Penguin is reprinting some of his best-known works in new editions

February 23, 2023 13:46
Saul Bellow and milton fieldman GettyImages-52593490
4 min read

No American writer had a voice like Saul Bellow. An early biographer, James Atlas, wrote.

“What he did was infuse the native American idiom with his own Jewish, Western European inflection. He always said he was a writer first, an American second and Jewish third. But all three were elements of his genius”. According to Salman Rushdie, Bellow “took the American Jewish novel and transformed it into something pretty close to the Great American Novel”.

Then came the backlash. A new generation criticised the way he wrote about women and about black Americans.

They saw him as too right-wing, too cranky and Eurocentric. “Who is the Tolstoy of the Zulus?” he asked in the 1990s. “The Proust of the Papuans?” These words damaged his reputation and the jury is still out on whether it will ever recover. What got lost in this politically correct witch hunt was the key question: What kind of writer was Bellow?

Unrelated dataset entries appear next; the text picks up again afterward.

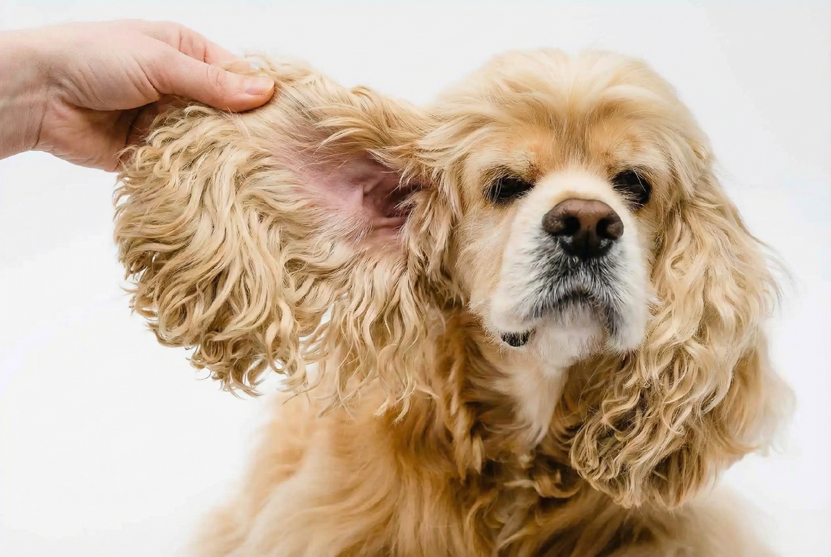 - Скопление секрета: Внутри уха вырабатывается сера (ушная смазка). У здоровой собаки она выводится естественным путем, но у кокера из-за изгиба ушного канала она застаивается, смешивается с пылью и шерстью, образуя идеальную среду для бактерий и грибков (Malassezia).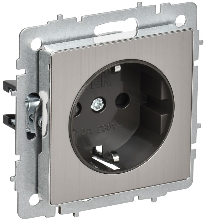 BRITE Розетка 1-местная с заземлением с защитными шторками 16А РС14-1-0-БрГН металл хром/никель IEK
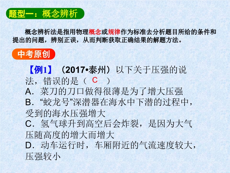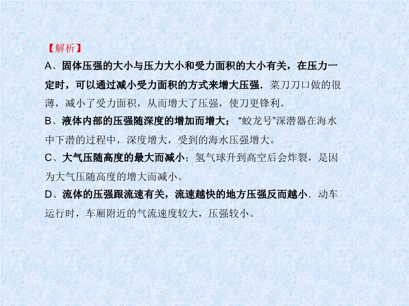 - 1682020年四川达州中考物理二轮题型突破课件:选择题02.类型二 压强与浮力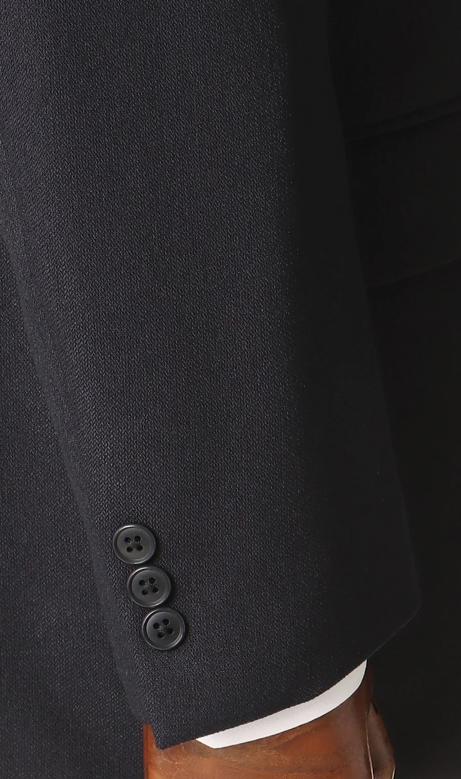 袖のボタンホールが閉じており、飾りボタンが付いている。反対に、ボタンホールが空いているものを「本切羽」という。

These new Penguin editions of selected works by Bellow, published this month, and covering more than half a century from his first novel, Dangling Man (1944), to his last, Ravelstein (2000), could not be more timely.

First, they give a sense of his voice, that distinctive mix of high and low, all those big thinkers, the literary references (to Joyce, Flaubert and his beloved Russians), but also a new post-war America “hipped on superabundance”, full of wise guys, reality instructors and shmendriks.

As his friend Philip Roth wrote, “in his characteristically American way he has managed brilliantly to close the gap between Thomas Mann and Damon Runyon”.

Second, these books give a sense of his range and the key turning points in his career.

Dangling Man is thin, anxious and clearly influenced by French existentialism, then in vogue. Like many of his early books it’s about confinement, single men confined to single rooms.

But then came a great shift in Bellow’s writing in the 1950s and 60s. It became more exuberant, more alive.